Mis ojos se dirigieron como de pasada a la sección que contenía los libros de religión y filosofía. Reconocí al instante el lomo en blanco y negro. Me acerqué inmediatamente y un sentimiento de estupefacción se apoderó de mí. Allí, al lado de La rebelión de las masas, de Ortega y Gasset, mi libro me lanzaba una sonrisa. Mi libro, La fragua de Dios, escrito por Greg Bear, un libro que, sin ser una obra maestra, narraba la destrucción de la Tierra como jamás la había visto reflejada. Una destrucción que, ahora lo sabía, había identificado inconscientemente con la propia. De no haberme encontrado inmerso en tan luctuosa semana, habría dado botes de entusiasmo como un loco. Mi pasado se había cerrado.

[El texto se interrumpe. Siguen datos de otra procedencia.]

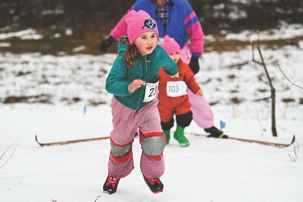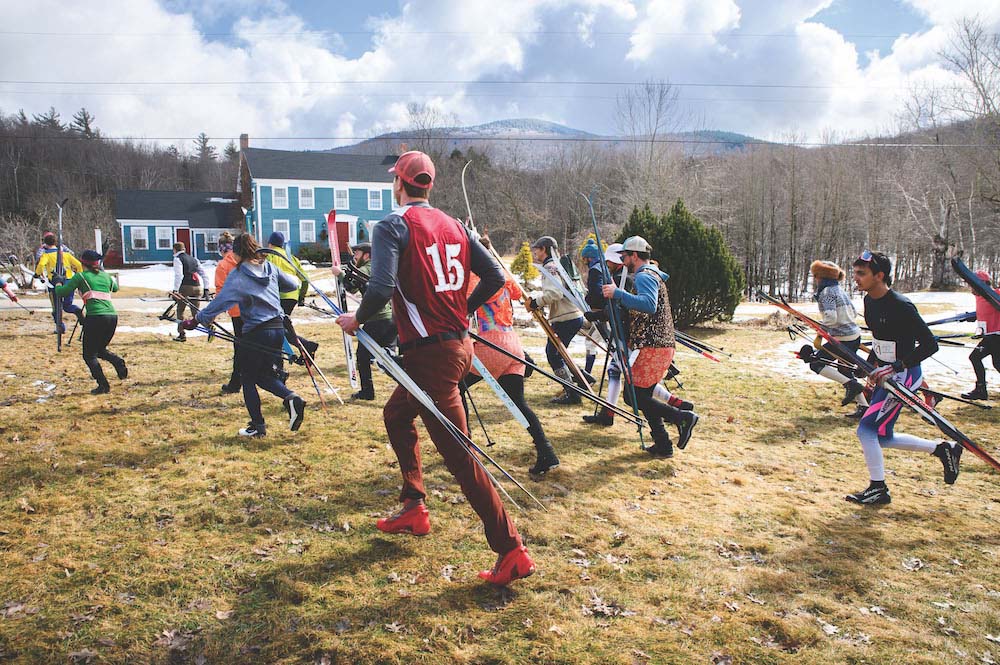 50 SKIERS TAKE off in the grassy meadow for the 7.5 km and 15 km race at the 2024 Blueberry Hill Outdoor Center Pig Race, a revival of a fun community race that started in 1972.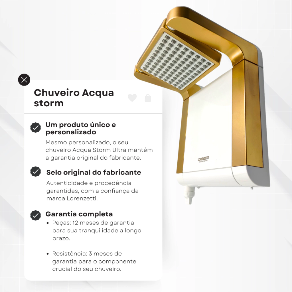 O Chuveiro Elétrico Ultra 7800W 220V Lorenzetti na cor Dourada é uma escolha de luxo para aqueles que desejam transformar seu banho diário em uma experiência de spa em casa. Com uma potência impressionante, um design sofisticado e a facilidade de uso, este chuveiro proporciona um banho confortável e elegante.

Y eso es todo. No centren su atención en la calidad del libro, por favor. Seguramente me parece mejor de lo que es debido a cuestiones personales, las que les he contado. No, no es por el libro, sino por las circunstancias tan especiales que rodearon su obtención. Estuvo eludiendo mi búsqueda durante años, y al final lo encontré sin pretenderlo en una pequeña tienda perdida en un centro turístico de una ciudad marítima que jamás había pisado. Para un devoto de los libros, es algo que ya no se olvida. Si quieren una coda de despedida, añádanle esto a la historia. Buscando datos en Internet sobre la librería con los que documentar esta pequeña historia, sólo he podido encontrar la foto que tienen ustedes más arriba. Eso y la información de que la librería, tras más de 35 años desde su inauguración, fue cerrada y trasladada a otro sitio. Me gustaría pensar que justo después de que encontrara yo mi libro."

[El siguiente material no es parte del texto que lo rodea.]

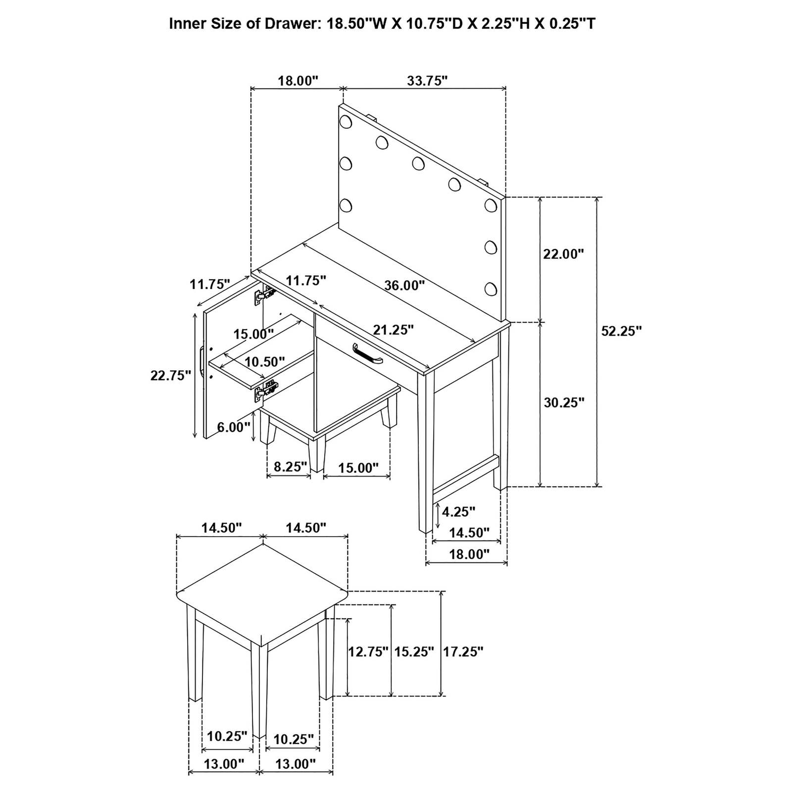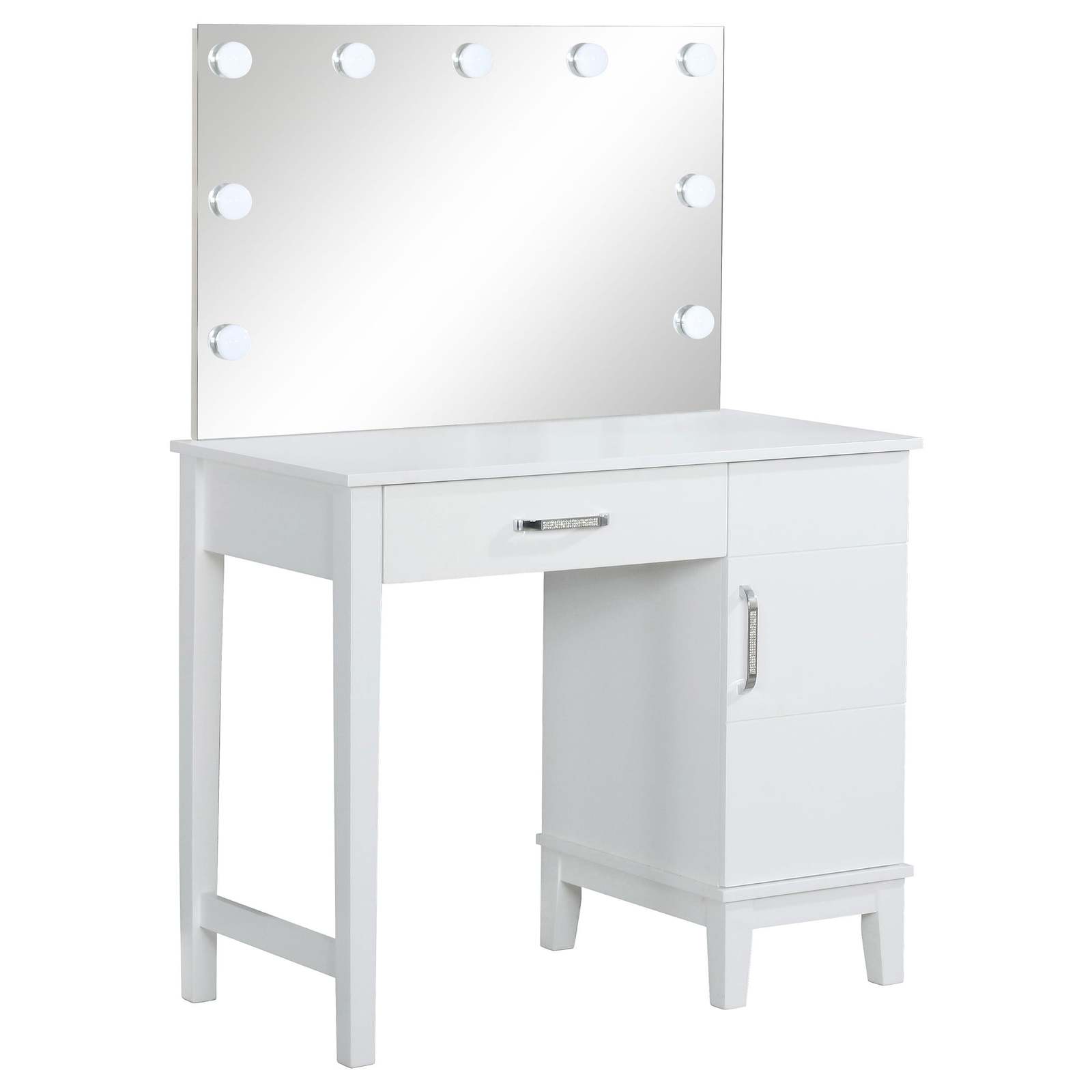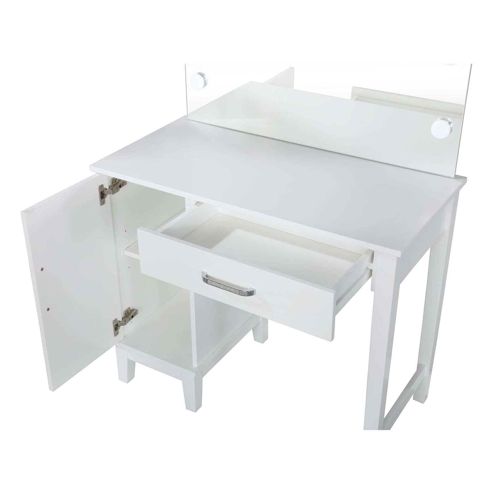 Featuring a crisp white finish, this piece delivers a clean and timeless look that complements any decor style with ease. The set includes a sleek stool, one drawer for convenient storage, and a side cabinet for additional concealed space, combining functionality and style perfectly.

Bien, esa es la historia. No sabemos si el formato electrónico será a la larga mejor o peor, lo que sí sabemos es que ya está aquí, y que va a ser, irrevocablemente, el sucesor (in)natural del papel. Todos conocemos las ventajas. Entre los inconvenientes, quizás el único cierto es que la literatura perderá parte de su poesía, la que añade el soporte. Ya no se recorrerán con los dedos las bibliotecas propias en las tristes tardes de domingo, no se sentirá esa expectación particular que se tiene al visitar una librería y hojear las novedades, ni tampoco se podrá quedar con los visitantes para recorrer librerías de viejo. Ya no serán posibles historias como esta que les he contado.